Records provided START
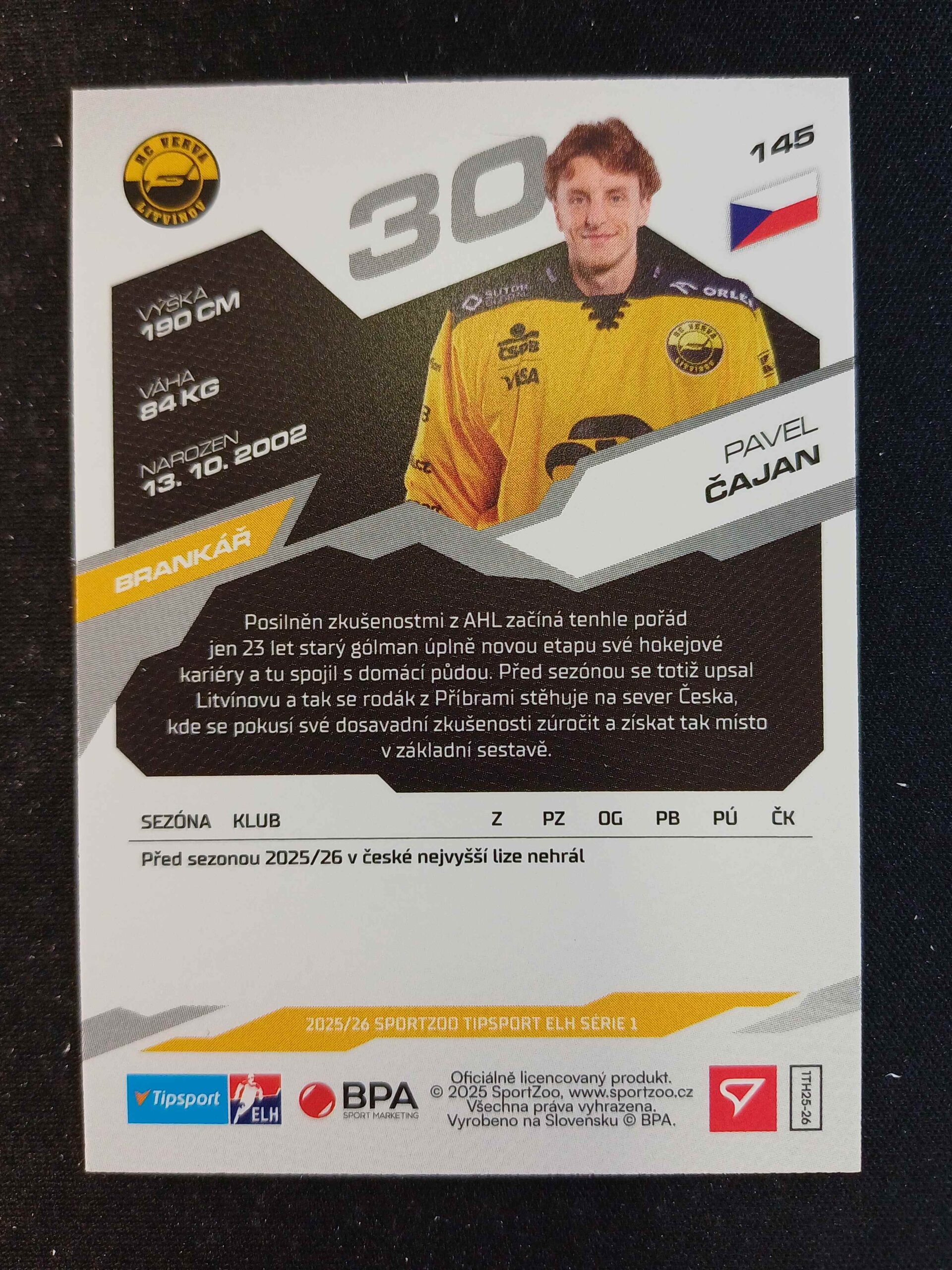 Sběratelská karta 2025/2026 Sportzoo Serie 1 Base 145 Pavel Čajan
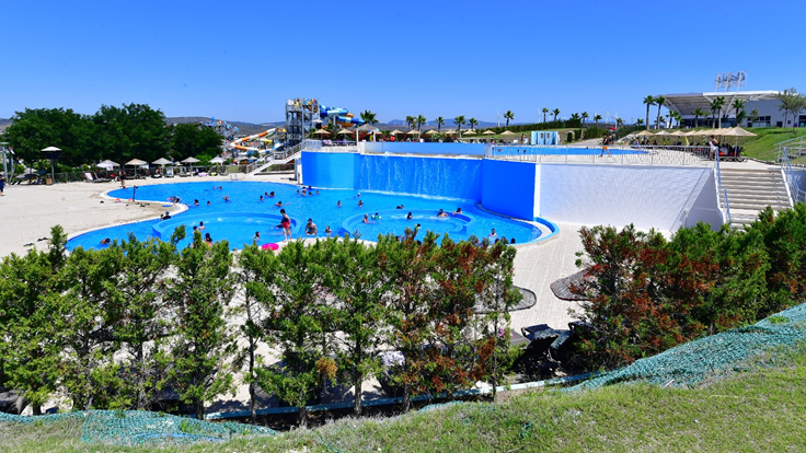 Ege Bölgesi’nin en büyük su parkı işletmesi olan Oasis Aquapark’ta her yaş grubuna göre havuz bulunuyor. Tesiste bin 300 metrekarelik büyük havuzun yanı sıra jakuzi havuzu, çocukların sınırsızca eğlendiği Aqua Tower, 0 – 3 yaş grubu çocuklar için özel olarak tasarlanan çocuk dünyası ve korsan gemisi olmak üzere 5 havuz hizmet veriyor.
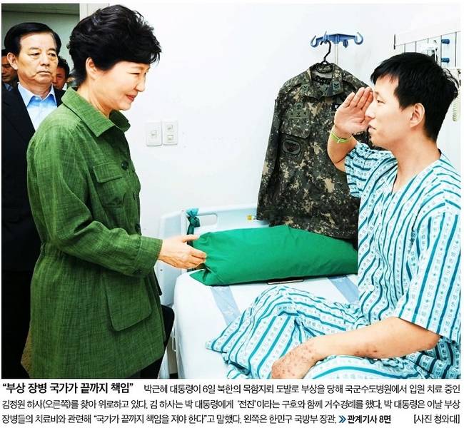 중앙일보는 박근혜 대통령이 목함지뢰 도발로 부상을 당해 국군수도병원에서 입원치료 중인 김정원 하사를 찾아 위로하는 모습을 1면에 걸었다. 중앙일보는 사진설명을 통해 “김 하사는 박 대통령에게 ‘전진’이라는 구호와 함께 거수경례를 했다. 박 대통령은 이날 장병들의 치료비와 관련해 ‘국가가 끝까지 책임을 져야 한다’고 말했다고” 전했다. 중앙일보는 관련기사에서 “두 다리가 잘린 하 하사는 부상 정도가 심해 민간병원에서 치료를 받아왔다. 현행법은 민간병원에서 치료받을 경우 공무상 요양비 지급기간을 최장 30일로 제한하고 있다”며 “논란이 일자 국방부는 5일 ‘하 하사의 치료비를 전액 부담하겠다’고 밝혔다”고 전했다.
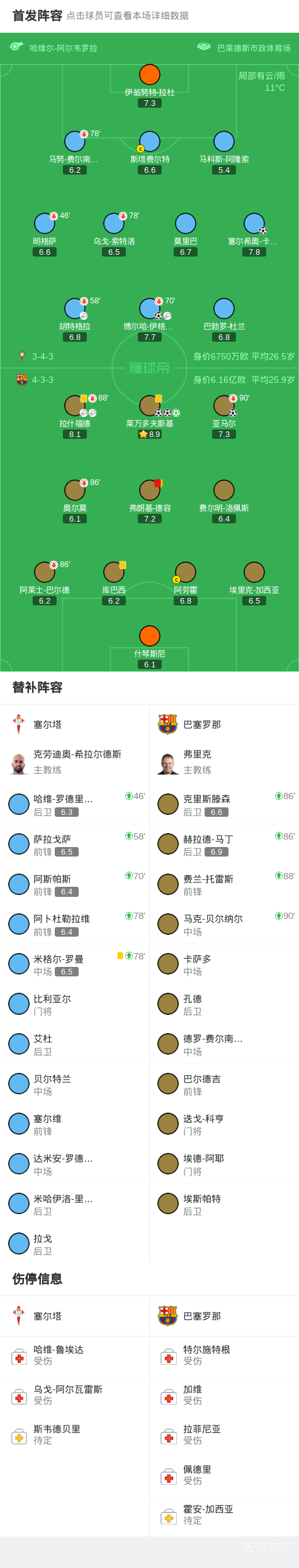 第11分钟,迅速扳平!卡雷拉快速突破推射破门,塞尔塔1-1巴萨
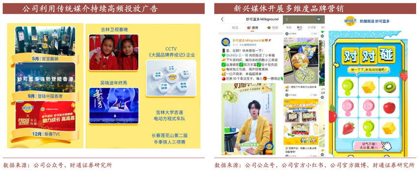 經(jīng)典案例:根據(jù)公司公眾號、公司官方小紅書、公司官方微博、財(cái)通證券研究所等綜合資訊表明,妙可藍(lán)多公司早期采取“高舉高打”營銷策略,憑借快速、精準(zhǔn)、高頻的打法讓“奶酪就選妙可藍(lán)多”的品牌價(jià)值訴求深入人心。新興媒體方面,公司利用小紅書、抖音、 微博等社交媒體平臺發(fā)布多維場景化內(nèi)容,并與網(wǎng)絡(luò)達(dá)人合作開展品牌宣傳、與 消費(fèi)者積極互動,鞏固品牌認(rèn)知。
Records provided END
Only the text of the records belongs in your answer, copied exactly as it appears above.

[Written solution]:
 Sběratelská karta 2025/2026 Sportzoo Serie 1 Base 145 Pavel Čajan
 Ege Bölgesi’nin en büyük su parkı işletmesi olan Oasis Aquapark’ta her yaş grubuna göre havuz bulunuyor. Tesiste bin 300 metrekarelik büyük havuzun yanı sıra jakuzi havuzu, çocukların sınırsızca eğlendiği Aqua Tower, 0 – 3 yaş grubu çocuklar için özel olarak tasarlanan çocuk dünyası ve korsan gemisi olmak üzere 5 havuz hizmet veriyor.
 중앙일보는 박근혜 대통령이 목함지뢰 도발로 부상을 당해 국군수도병원에서 입원치료 중인 김정원 하사를 찾아 위로하는 모습을 1면에 걸었다. 중앙일보는 사진설명을 통해 “김 하사는 박 대통령에게 ‘전진’이라는 구호와 함께 거수경례를 했다. 박 대통령은 이날 장병들의 치료비와 관련해 ‘국가가 끝까지 책임을 져야 한다’고 말했다고” 전했다. 중앙일보는 관련기사에서 “두 다리가 잘린 하 하사는 부상 정도가 심해 민간병원에서 치료를 받아왔다. 현행법은 민간병원에서 치료받을 경우 공무상 요양비 지급기간을 최장 30일로 제한하고 있다”며 “논란이 일자 국방부는 5일 ‘하 하사의 치료비를 전액 부담하겠다’고 밝혔다”고 전했다.
 第11分钟,迅速扳平!卡雷拉快速突破推射破门,塞尔塔1-1巴萨
 經(jīng)典案例:根據(jù)公司公眾號、公司官方小紅書、公司官方微博、財(cái)通證券研究所等綜合資訊表明,妙可藍(lán)多公司早期采取“高舉高打”營銷策略,憑借快速、精準(zhǔn)、高頻的打法讓“奶酪就選妙可藍(lán)多”的品牌價(jià)值訴求深入人心。新興媒體方面,公司利用小紅書、抖音、 微博等社交媒體平臺發(fā)布多維場景化內(nèi)容,并與網(wǎng)絡(luò)達(dá)人合作開展品牌宣傳、與 消費(fèi)者積極互動,鞏固品牌認(rèn)知。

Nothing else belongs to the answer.